Add traversal timeouts and edge limits in queries

Moved from GitHub dgraph/5784

Posted by danielmai:

Experience Report

Note: Feature requests are judged based on user experience and modeled on Go Experience Reports. These reports should focus on the problems: they should not focus on and need not propose solutions.

What you wanted to do

I want to run queries where individual traversals can be set with a timeout. This timeout can potentially trim the results of the query instead of returning all the data, but that’s OK. The use case has strict latency requirements and the query shouldn’t run longer than say 50ms.

What you actually did

Dgraph currently has query timeouts or cancellations. But this only returns a message saying the query was cancelled and does not returns any actual data of what it was able to process within the timeout.

Why that wasn’t great, with examples

One of the queries I want to run is a recursive query. It tries to go deep enough into the graph to return results. I want to be able to run a query where the query should stop after finding N connected nodes or if it hits a timeout.

One thing I can do today is run the recursive query multiple times with an increasing depth argument. But there’s no way to set a time limit while also getting a result if the time limit is reached.

{
  q(func: eq(id, "...")) @recurse(loop: false, depth: 2) {
     id
     connects
     ~connects
  }
}

Any external references to support your case

Gremlin has a .timeLimit() and .limit() steps that can be used to do this trimming that has been key to doing traversal timeouts with result limits in other systems.

Example:

GraphTraversal t =  traversal()
                .withRemote(DriverRemoteConnection.using(client))
                .V(identifiers)
                .repeat(timeLimit(queryTimeout)
                        .out()
                        .hasLabel("connection")
                        .in()
                        .dedup()
                        .by(id())
                        .simplePath()
                        .timeLimit(25))
                .until(hasLabel("id"))
                .limit(maxResults)
                .id();

Adding a couple of ideas here.

Use the context library

We continue using the context library for timeouts but intercept the deadline exceeded errors and instead return whatever was retrieved by that point.

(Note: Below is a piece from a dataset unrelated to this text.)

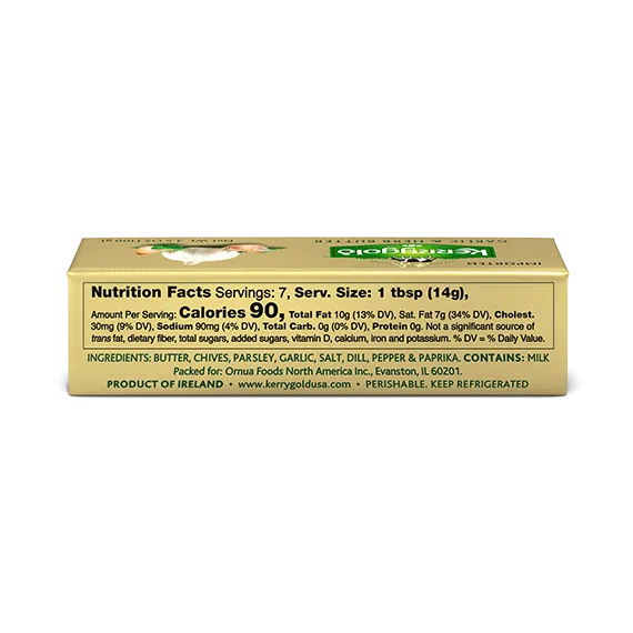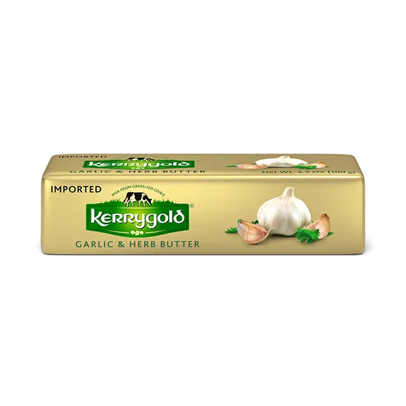 Details Ingredients BUTTER, CHIVES, PARSLEY, GARLIC, SALT, DILL, PEPPER & PAPRIKA. Product features Kerrygold Garlic & Herb Butter is crafted from Kerrygold Pure Irish Butter, laced with classic fresh herbs like chives and parsley, a touch of garlic and a sprinkling spices. It’s an exquisite finishing butter--melt over sizzling steak, grilled shrimp, or roasted vegetables just before serving. Or use it as an ingredient to make the most scrumptious garlic bread or buttered noodles. All Kerrygold dairy products, imported from Ireland, are made with milk from grass-fed cows that are raised the natural way—free of growth hormones and nurtured on small Irish farms. Imported from Ireland Milk from grass-fed cows No artificial growth hormones* Seasoned, herbed butter Use as a topping or in cooking One 3.5oz stick Net Quantity of Content 7 X 1 Tbsp

This approach seems easier to implement as it would not require changes to the parser or the query language. However, the disadvantages of these approach are that a lot of the error handling code would have to change and there’s the possibility that forgetting to handle those errors in some places would lead to the error bubbling up.

Implement this feature into the query language

Introducing a new directive @timelimit that can be set at any node in the query. The value passed to it would be the limit that processing that subgraph should take.
For example, the query in the previous post would look like.

{
  q(func: eq(id, "...")) @recurse(loop: false, depth: 2) @timelimit(1s) {
     id
     connects
     ~connects
  }
}

Internally, the subgraphs would include the timelimit and a start date and compare the dates before doing anywork. If the maximum time has elapsed, an empty result is sent instead of a “deadline exceeded” error that propagates through the call stack.

Ideally, the directive can be included at any level of the graph. This requires that we define the behavior when a subgraph includes the directive and a parent of this subgraph includes a different value for it.

This option requires more changes but also is more flexible, as it allow us to have different limits for specific subgraphs and a similar mechanism could be use to expand to other types of limits.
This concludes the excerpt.